Recently sent over some questions to Cincinnati based indie-rock band, regarding their beginnings and future release. By far, some of the most interesting and heartfelt answers I have received in a very long time. Please check these guys out at http://theneversettingsuns.com/. Their latest single is available for free here! http://theneversettingsuns.com/music/
How did the project begin? How did the group assemble?
Well, it’s easiest to start with this: the three of us had been friends for a while. Chris and I lived in a house together with a bunch of guys and Tyler would come over all the time. We’d play Halo, listen to records, rope swing over fires in the backyard… stuff like that. Then at some point I started going over to Tyler’s parent’s house with my guitar and the two of us started playing.
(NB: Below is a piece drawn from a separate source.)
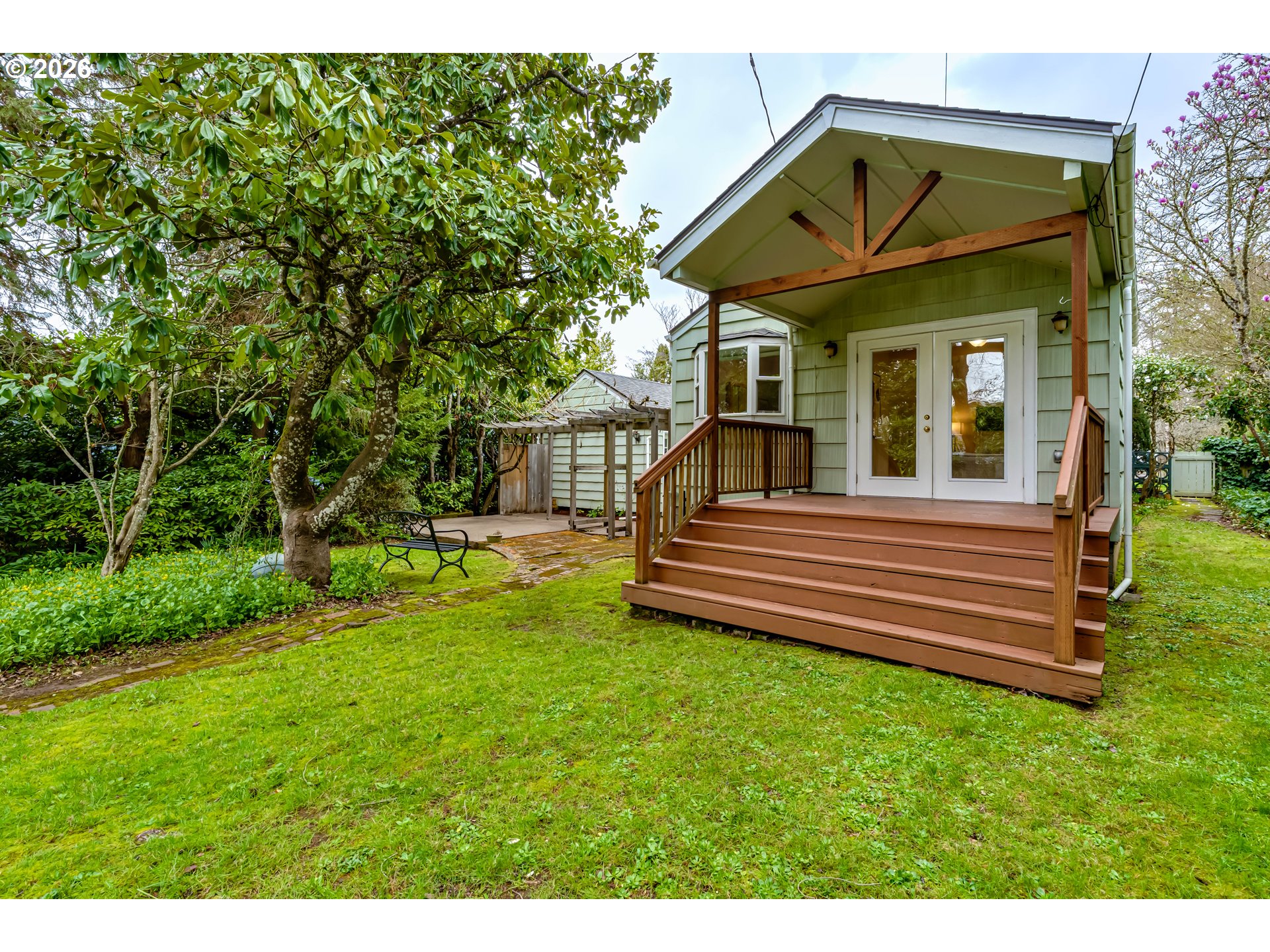 Welcome to this storybook cottage bungalow nestled in one of Eugene's most beloved neighborhoods — the Friendly Street corridor. Thoughtfully updated while retaining its timeless character, this 2-bedroom + office, 2-full-bath home is move-in ready and full of warmth.Rich wood floors flow throughout, complemented by fresh interior paint and a smart, efficient floor plan that lives larger than it looks. The updated kitchen and dedicated inside utility room add everyday convenience, while major systems have been refreshed for years of worry-free ownership — including a new electric panel (2025), newer heat pump and and a newer roof.The standout feature is the generous primary suite addition, a true retreat complete with French doors opening to a covered deck. Step outside and discover a lush, private backyard designed for both relaxation and inspiration — a patio, charming arbors, and abundant garden beds invite you to dig in, dream big, and make it your own.All of this just moments from the Fairgrounds, Hey Neighbor, Friendly Street Market, and the vibrant Friendly Street Garden. A rare blend of cottage character, modern updates, and an unbeatable location — this one won't last.

It was mostly covers we wanted to play like Never Ending Math Equation by Modest Mouse and Wolf Like Me by TV on the Radio but after a few months of doing that we started to write some of our own stuff. We honestly did that for close to a year and then we were asked to play a show by a friend of ours at a local pirate themed laser tag arena called Scaly Wag Tag. That’s when Chris asked us if he could step in on bass for a few songs. He literally stepped in, we didn’t practice together, we just brought a bass and amp for Chris and he stepped in with a piece of paper that had a few notes written on it. The night went great, we even have a recording of it somewhere, but it was an all-night event so by 6 am we were beat. We all had so much fun playing the show though that we decided to keep doing it. This conversation happened over us packing up. Then we went to Perkins.
Cliché one, where did the name The Never Setting Suns come from? Is there a story behind how it was chosen?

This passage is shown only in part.